Di mana hal ini menyebabkan kerugian nyata
Tiga pengaturan mengubah hal ini dari sekadar keingintahuan menjadi sebuah masalah, dan ketiganya memiliki satu fitur yang sama: seseorang membuat keputusan tentang seseorang berdasarkan gambar yang tidak mereka ambil.
Klaim asuransi adalah contoh yang paling jelas. Seorang pemohon klaim memotret kerusakan dengan ponsel, gambarnya kecil, dan seseorang memperbesarnya untuk melihat detailnya. Versi yang diperbesar mendapat skor tinggi, dan klaim asli memperoleh catatan tentang kemungkinan manipulasi yang sekarang tidak dapat dihapus oleh siapa pun.

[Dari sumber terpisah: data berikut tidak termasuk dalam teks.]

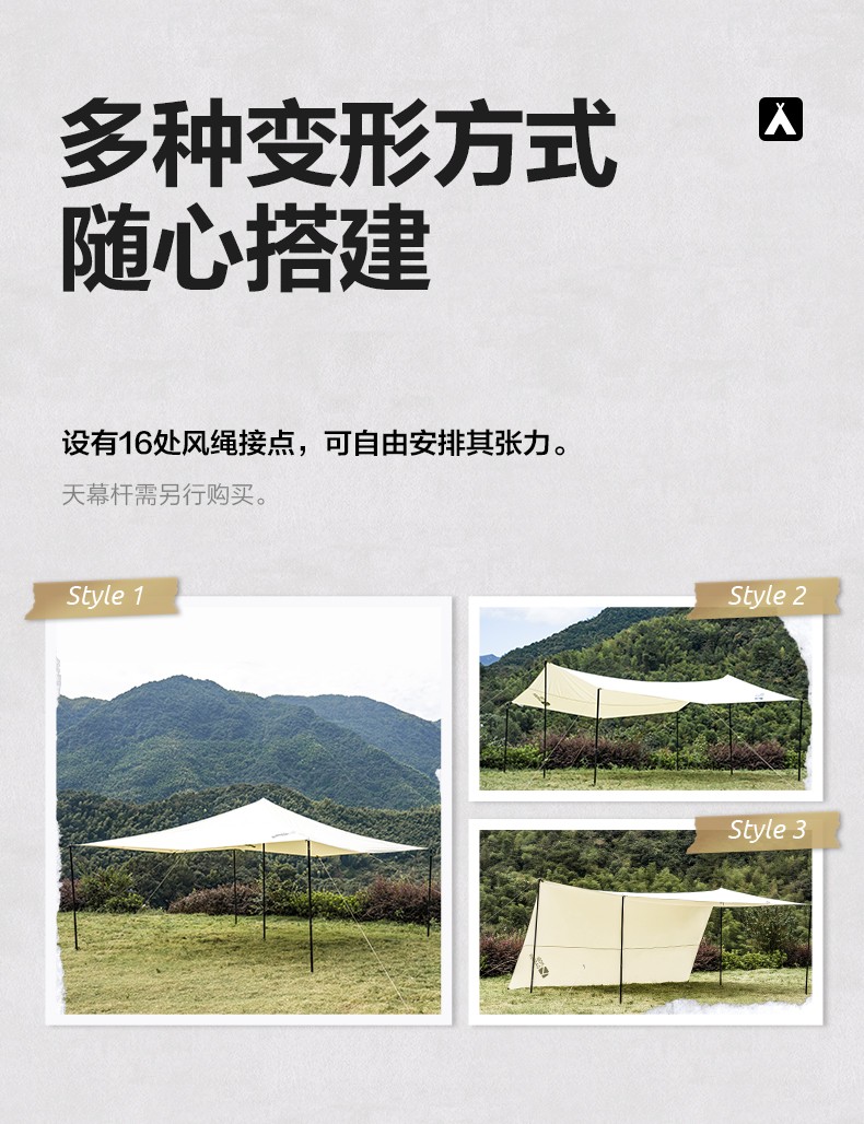ETROL'庇护所天幕多挂点户外露营帐篷黑胶涂层防水地垫防晒遮阳棚 PU款琥珀黄4*4m[无杆配风绳地钉]

Jurnalisme memiliki bentuk yang sama. Foto dari suatu sumber ditingkatkan untuk dicetak, versi yang telah ditingkatkan beredar, dan pemeriksaan kemudian pada salinan yang beredar menandainya. Foto aslinya baik-baik saja dan bukan lagi versi yang dimiliki siapa pun.
Konteks hukum dan disiplin adalah yang paling serius, karena salinan yang ditingkatkan sering kali menjadi salinan yang dimasukkan ke dalam catatan. Jika suatu gambar akan diandalkan, berkas yang harus disertakan adalah berkas sebelum peningkatan apa pun, dan peningkatan tersebut harus didokumentasikan secara terpisah.
Catatan bagi siapa pun yang membangun alur kerja
Jika gambar melewati organisasi Anda dan dinilai, peningkatan termurah yang tersedia adalah kolom pencatatan yang mencatat apakah suatu berkas telah ditingkatkan. Hal ini memerlukan satu kotak centang saat masuk dan menghilangkan seluruh kategori sengketa yang tidak dapat diselesaikan di kemudian hari.
Peningkatan termurah kedua adalah aturan bahwa peningkatan terjadi pada salinan. Simpan berkas seperti yang diterima, tingkatkan duplikat untuk dilihat, dan pastikan berkas yang menyertai catatan adalah berkas asli, bukan berkas yang dipercantik.
Ada pelajaran yang lebih luas di sini tentang apa yang diukur oleh skor. Model melaporkan seberapa banyak tekstur di depannya yang diproduksi oleh perangkat lunak, yang merupakan properti nyata dan tidak sama dengan properti yang diinginkan orang, yaitu apakah gambar tersebut merekam sesuatu yang benar-benar terjadi.
Sebagian besar hasil yang membingungkan di bidang ini berasal dari kesenjangan tersebut. Upscaling adalah contoh paling jelas karena kedua properti tersebut menunjuk ke arah yang berlawanan: tekstur yang sangat sintetis, subjek yang sepenuhnya asli.